I am asked this question a lot: Should we use Scrum on our “DevOps team”?

Of course the answer is nuänced. So let’s jump right in.

First off, I’m never one to say you should use Scrum (or any other specific process). So I’m not actually going to answer that particular question. Instead I’ll ask a related question: “Can Scrum make sense on a DevOps team?”

And that leads us to a question that my long-time readers will immediately predict: What do you mean by “DevOps team”?

I believe that “DevOps team” is an oxymoron. It’s more accurate to say that DevOps is a culture of cooperation. Nobody would ever consider having a “Cooperation team”.

But of course this doesn’t really help us know whether Scrum makese sense. So let’s try to address the question that someone probably meant to ask.

In my experience, “DevOps team” usually means one of two things:

  1. A single, cross-functional team that handles development tasks, and operations tasks.
  2. A team that handles operational concerns, which other development teams use as a platform.

If you’re asking about #1, Scrum should work as well as it would on any other cross-functional team.

However, if you’re asking about a platform team, the answer is much more nuanced.

Unlike a feature team, platform teams usually have two types of tasks:

  • Improvement tasks (such as “Install a new instance of MySQL” or “speed up the CI pipeline”)
  • Ad-hoc requests (such as “Why is my CI pipeline failing” or “One of our nodes is in a crash loop”)

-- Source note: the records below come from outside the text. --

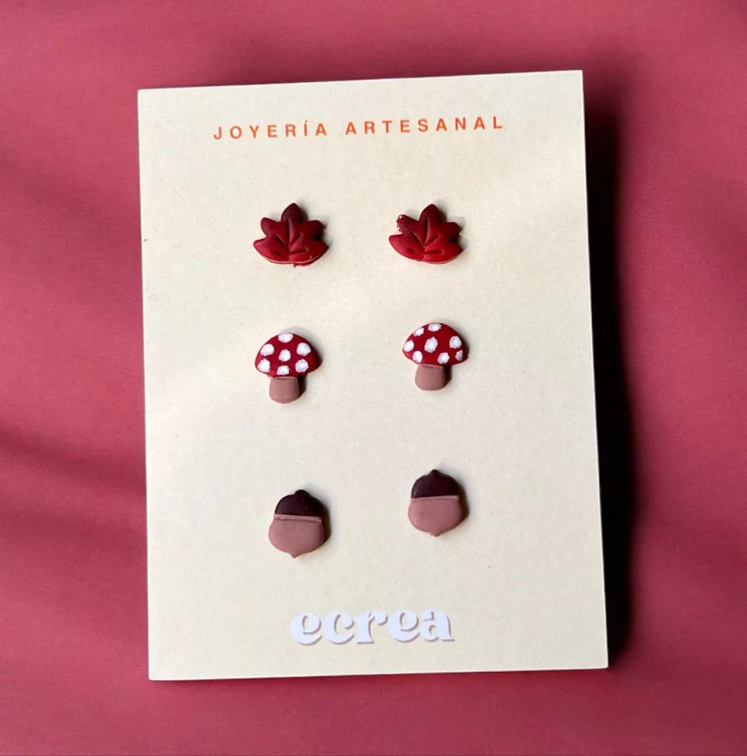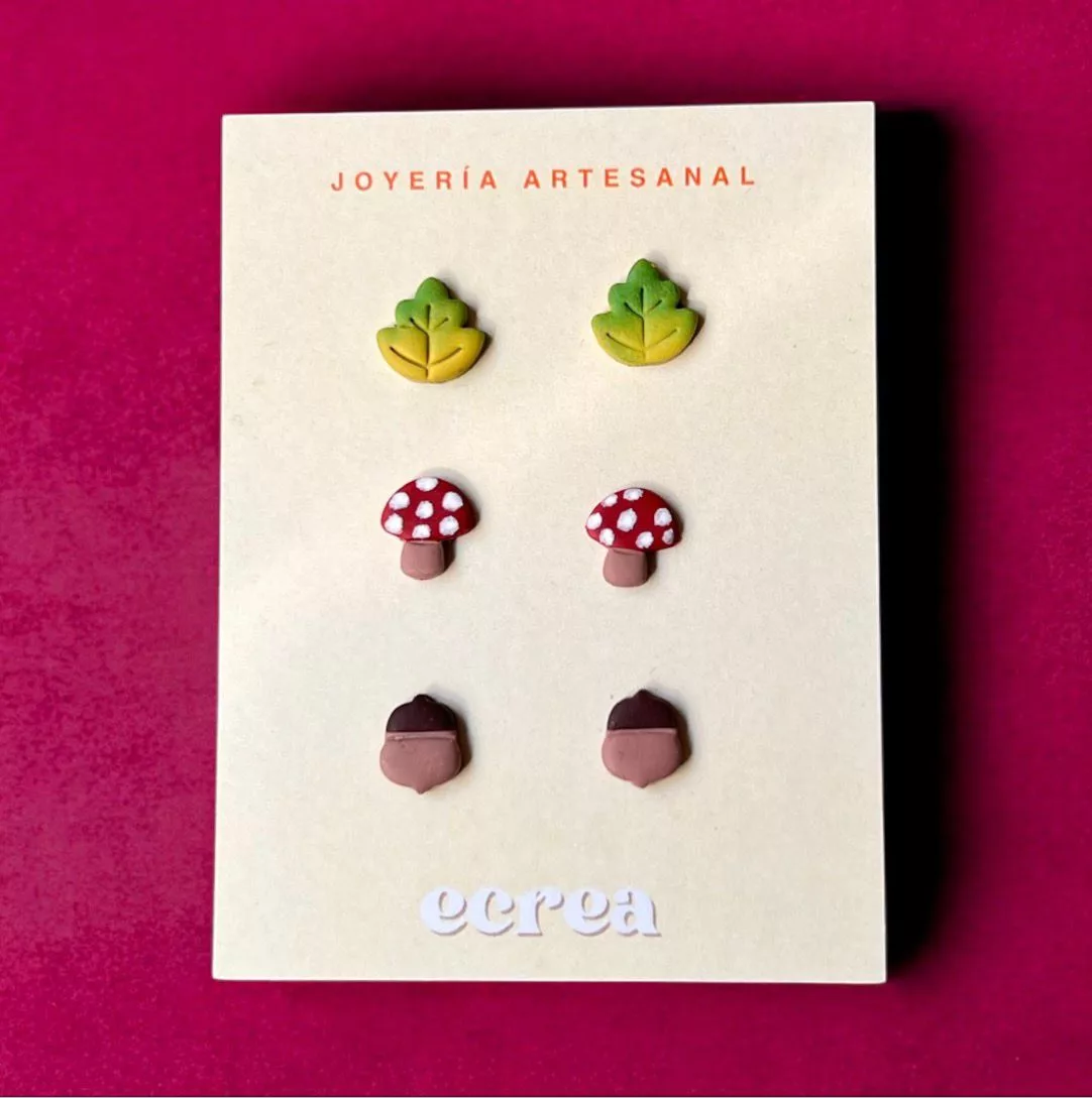 • Hechos a mano en arcilla polimérica, ultraligeros y resistentes.• Cierre de acero inoxidable, hipoalergénico.• Dimensiones: 1 × 1 cm
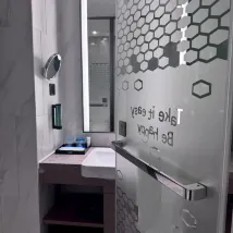 酒店位置方便,步行到地鐵站很近,周邊吃飯購物都很全。房間設施很新,智能馬桶、高清電視都有,衞生間乾濕分離做得好,洗漱一點不擁擠,性價比絕了,酒店服務也超級好,前台小曹很熱情,下次還來
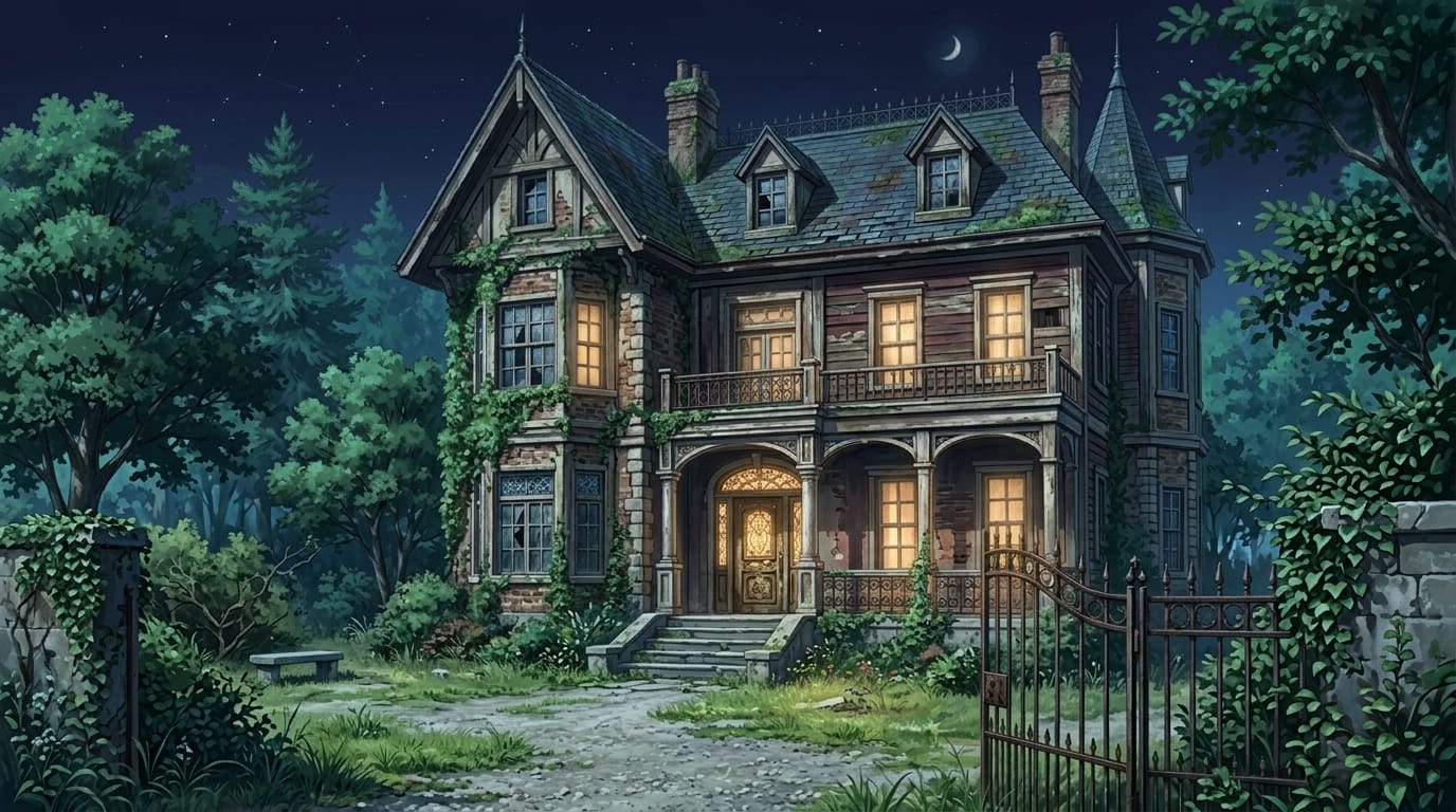 窓明かりが印象的な夜の古びた洋館を描いた背景イラスト素材で、幻想的で静かな夜景背景として活用できます。
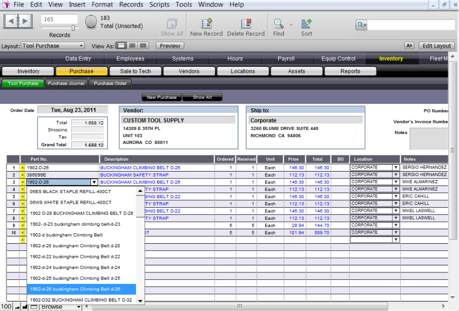Creating Purchases is a breeze. Simply choose the part number from the drop down list, which contains only items sold by the Vendor you entered on the top of the order. Another option is to scan Part Numbers as bar codes from a master list of items. This will eliminate the need to enter part numbers.
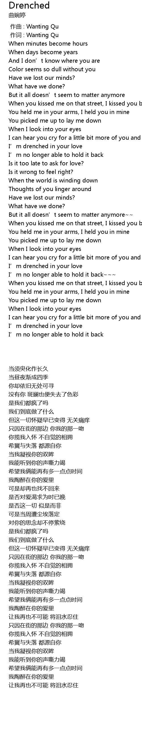 | [00:01.00] | 作词 : Wanting Qu |
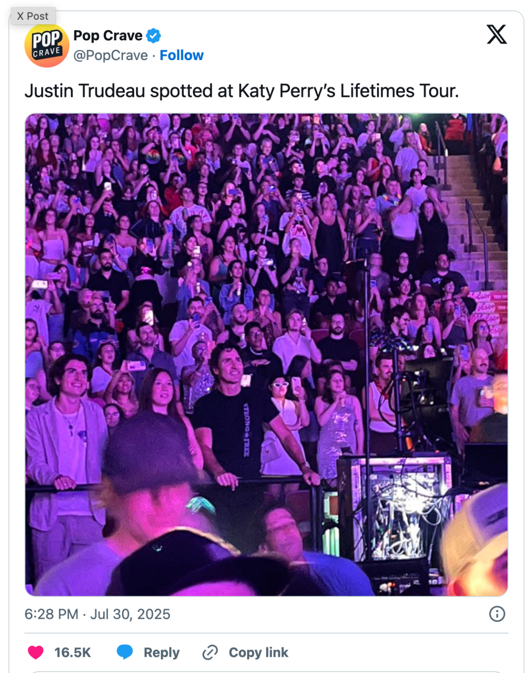 两天后,特鲁多带着女儿 Ella-Grace 出现在佩里“Lifetimes”巡演的蒙特利尔站观众席中。

Improvement tasks can work well within the Scrum framework. But support requests and incident response does not, for the simple reason that it cannot be planned.

A core concept of Scrum is the Sprint Goal. A sprint succeeds when the goal is achieved. It fails when it doesn’t.

Short of using platitudinal goals such as “Respond to all support requests”, there’s no way to include unpredictable, ad-hoc requests in a Sprint goal. I see this as a strong indication that Scrum is a bad fit for interrupt-driven teams.

Of course many teams do a mixture of both types of work. Can you use Scrum for half of your backlog, and something else, for the the interrupt-driven work? Probably.

Is it worth the extra overhead? I leave that up to you to discuss with your team and decide.

But my personal preference is to leave Scrum to the feature teams, and use something lighter weight and reactive for teams that handle more than a minimum of interrupt-driven tasks.